KR20210037387A - Printing method of 3d printer - Google Patents

Abstract

The present invention relates to a 3D printer printing method, the 3D printer printing method comprising the following steps of: filling the 3D printer with ABS material; after setting the 3D printer to a predetermined working state, laminating the ABS material on a mold plate; and repeating the lamination step repeatedly for a predetermined number of layers, wherein the lamination step is performed in a longitudinal direction in-plane output method, in a width direction in-plane output method, in a longitudinal direction out-of-plane output method or in a width direction out-of-plane output method. The problem to be solved by the present invention is to improve the characteristics of a 3D printed material using the ABS material.

Description

3D printer printing method{PRINTING METHOD OF 3D PRINTER}

The present invention relates to a three-dimensional (3D) printing method, and more particularly, to a 3D printing method for improving the characteristics of a print using an ABS (acrylonitrile butadiene styrene) material.

3D printing refers to a technology that directly manufactures products based on 3D computer-aided design (CAD) information. Most 3D printing is a method of segmenting a 3D CAD model into a 2D layer and producing it using a lamination technique.

The advantage of 3D printing is that it is specialized in small-volume production, and it is possible to produce customized products and mold-free products. Types of 3D printing developed and used to date include fused deposition modeling (FDM), selective laser sintering (SLS), digital light processing (DLP), and stereolithography apparatus (SLA).

Among them, FDM, a representative 3D printing technology, melts the filament corresponding to the material in a heated nozzle and sprays it on a build platform to create a shape. FDM technology is mainly used for rapid prototyping of polymer parts, and the choice of material varies depending on the type or nature of the product.
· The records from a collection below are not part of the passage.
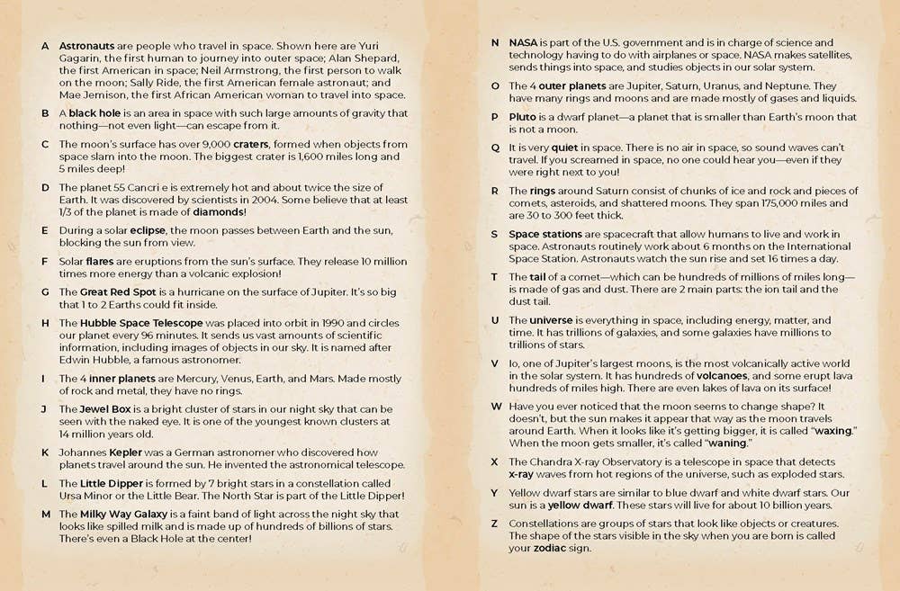 Learn with your toddler from A to Z all about the Universe and what can be found within it.
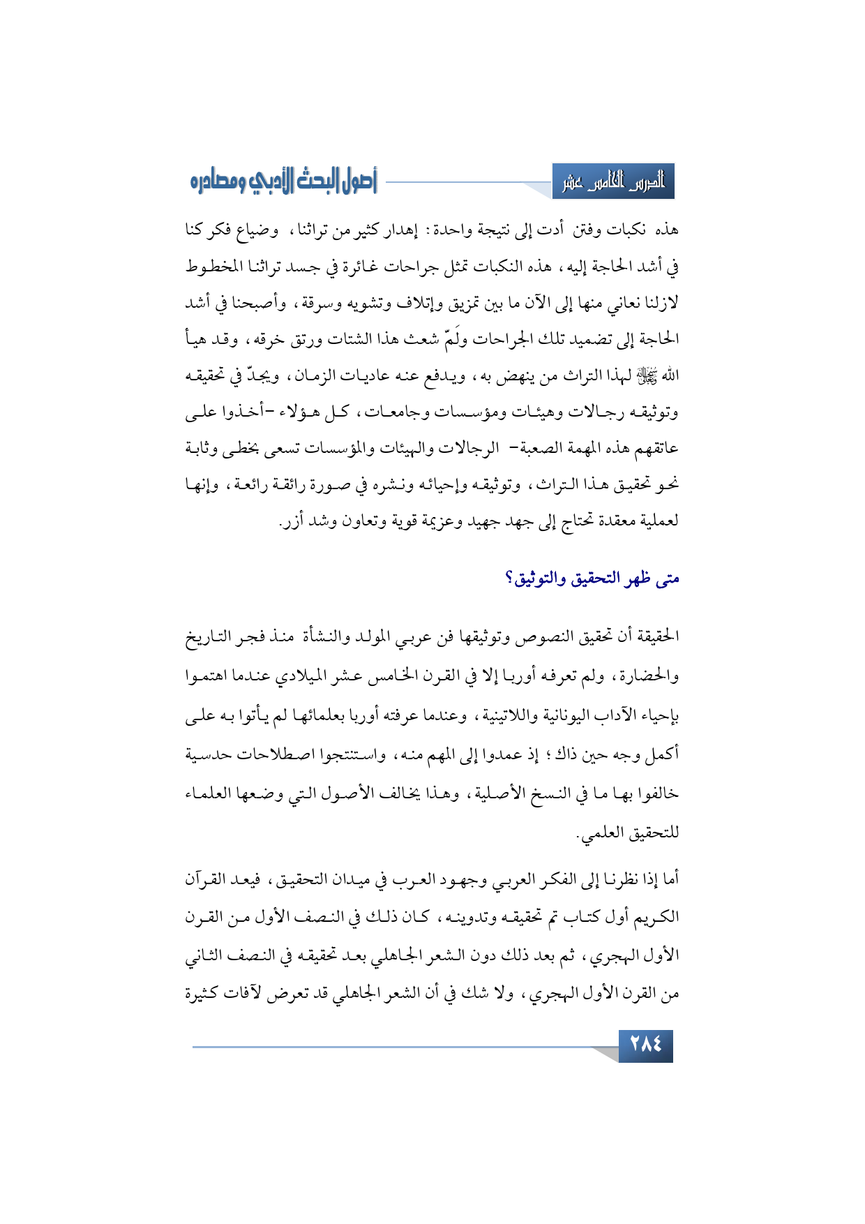 متى ظهر التحقيق والتوثيق؟ الحقيقة أن تحقيق النصوص وتوثيقها فن عربي المولد والنشأة منذ فجر التاريخ والحضارة، ولم تعرفه أوربا إلا في القرن الخامس عشر الميلادي عندما اهتموا بإحياء الآداب اليونانية واللاتينية، وعندما عرفته أوربا بعلمائها لم يأتوا به على أكمل وجه حين ذاك؛ إذ عمدوا إلى المهم منه، واستنتجوا اصطلاحات حدسية خالفوا بها ما في النسخ الأصلية، وهذا يخالف الأصول التي وضعها العلماء للتحقيق العلمي.
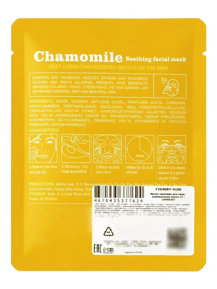 Тканевая увлажняющая маска для лица с экстрактом ромашки — это мягкое и эффективное средство для увлажнения, успокоения и восстановления кожи. Маска помогает сделать кожу мягкой, гладкой и сияющей, возвращая лицу свежий и ухоженный вид.
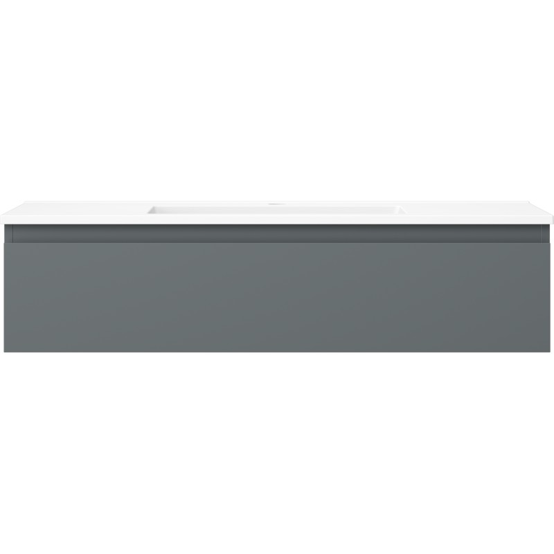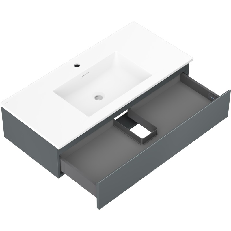 Špecifikácia produktu: Rozmery skrinky: Šírka: 100 cm Hĺbka: 46 cm Výška: 23,5 cm Farba korpusu: Matný grafit Materiál korpusu: Lakovaná doska Farba čela: Matný grafit Materiál čela: Lakovaná MDF doska Štruktúra čela: Hladká Počet zásuviek: Povrch odolný voči UV žiareniu Rozmery umývadla: Šírka: 101 cm Hĺbka: 46,5 cm Výška: 16,5 cm Farba umývadla: Matná biela Materiál umývadla: Konglomerát Otvor pre prepad: Áno Otvor pre batériu: Áno Zmontovaný výrobok

Materials commonly used today include durable and environmentally friendly polylactic acid (PLA), nylon for soft products, high-density polyethylene (HDPE), and acrylonitrile butadiene styrene (ABS), a solution for parts with general strength.

Thanks to its various advantages, 3D printing is expanding its use field to a wide range of industrial fields such as bio and aerospace/space. However, it is known that it lacks mechanical properties compared to injection products as a disadvantage of 3D printing.

The problem to be solved by the present invention is to improve the characteristics of a 3D printed material using an ABS material.

A 3D printer printing method according to one aspect of the present invention for solving the above problem includes the steps of filling an ABS material in a 3D printer, setting the 3D printer to a predetermined working state, and then laminating the ABS material on a modeling plate, And repeating the stacking step repeatedly for a predetermined number of layers, wherein the stacking step includes a longitudinal in-plane output method, a width direction in-plane output method, a lengthwise out-of-plane output method, or a width direction out-of-plane output method.

The molding plate may be made of aluminum.

The 3D printer may have a nozzle diameter of 0.3 to 0.5 mm, and a nozzle temperature of 220 to 240°C.

The printing speed of the 3D printer may be 30 to 40 mm/s, and the working temperature of the printing operation may be 100° C.±2.5.

According to this feature, the tensile strength and bending strength of the printed material are improved.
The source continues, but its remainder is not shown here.